Author : Philip Berry

My music teacher, Miss Herenka, gesticulated through the blue-tinged, sound-proofed glass. I watched her thin hands glide. Her voice came down from speakers in the circular ceiling of my training cell.

“Jenna come on! It’s not enough to go through the motions. Close your eyes, use the full length of the bow.”

I sighed. I gripped the bow more firmly.

“No. Soft hands! Tease the charge from each string. Find the frequency that maims.”

She could sense that my motivation was off.

“This simulator, I accept, offers little satisfaction…but in battle… oh, the chords will resonate.”

So passionate, this old musician. And I had to accept, she had seen it all. And survived.

“Death will dance forward. Together, Jenna, we’ll watch a black tango weave through the ranks, leaving doubt on every fingertip she touches.”

Yes. The power I could wield. I had seen glimpses of it.

The first school concert, high summer, out in the field. My playing caused half the school to collapse in a swoon. Three children and two parents died. I was taken to the mountains where I joined the Conservatory at the age of eight and entered higher training.
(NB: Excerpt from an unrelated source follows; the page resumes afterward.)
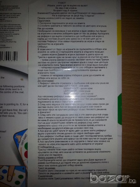 Мушама за под с размери-160см/136см, върху която се осъществява играта. Дъска със стрелка която показва на кой цвят трябва да се постави ляв, десен крак или лява,дясна ръка.Размери на кутията 27х27х5см.

The nature of my gift was explained to me – the ability to match the frequency of the music I made to a person’s emotions… and more, the power to manipulate those emotions. As the first year progressed the broad strokes of feeling were dissected and re-arranged, through tiny adjustments in technique: the speed with which I sawed the horse-hair bow, the pressure of my fingers on the cat-gut strings, the way my body swayed. Soon I was able to give instructions, or orders. Prisoners of war were made to stand within earshot, and I watched them tremble. My orders could not resisted, because they were packaged in strong emotion.
My music had been weaponised.

Danny.

My first friend.

Miss Herenka sensed my sadness. Yet, monster that she was, she seemed to have forgotten his name.

“Oh Jenna. Your friend, the boy. I know you are sad. But you should have seen him last week. He requested the Eastern front, he knew we were weakening there. Dropped into the field, he didn’t even look up. His parents watched from the orbiter with me. So proud.”

I knew the truth. He had understood the child soldier’s fate, so he chose the most dangerous theatre.

“The chords, they were beautiful, entered their collective consciousness… and led the sixth army off the Galen plateau. Victory! After two years of bloody attrition!”

It was true. He induced mass hysteria and ran a feared army off the high ground. I had seen the war report. But it had not mentioned Danny. And he had not come back.

“His name will live long. You have that talent Jenna, more. I am confident in you. It has been privilege. Now, come out of there and follow me. The General is here.”

The time had come.

My parents.

Would they sit in the orbiter looking down into the fire-lit smoke? Would they see me standing alone behind the enemy lines, playing, playing, playing… hoping to find the resonant frequency before a patrol picked me off with a single bolt.

“Come Jenna. Come.” She brushed my head affectionately. I knew Miss Herenka was genuinely fond of me. A bond existed. This would make it easier, I knew, to throw out a few toxic notes just for her during the final performance. Relayed to the orbiter, they would enter her mind and avenge each child doomed by her lethal tuition.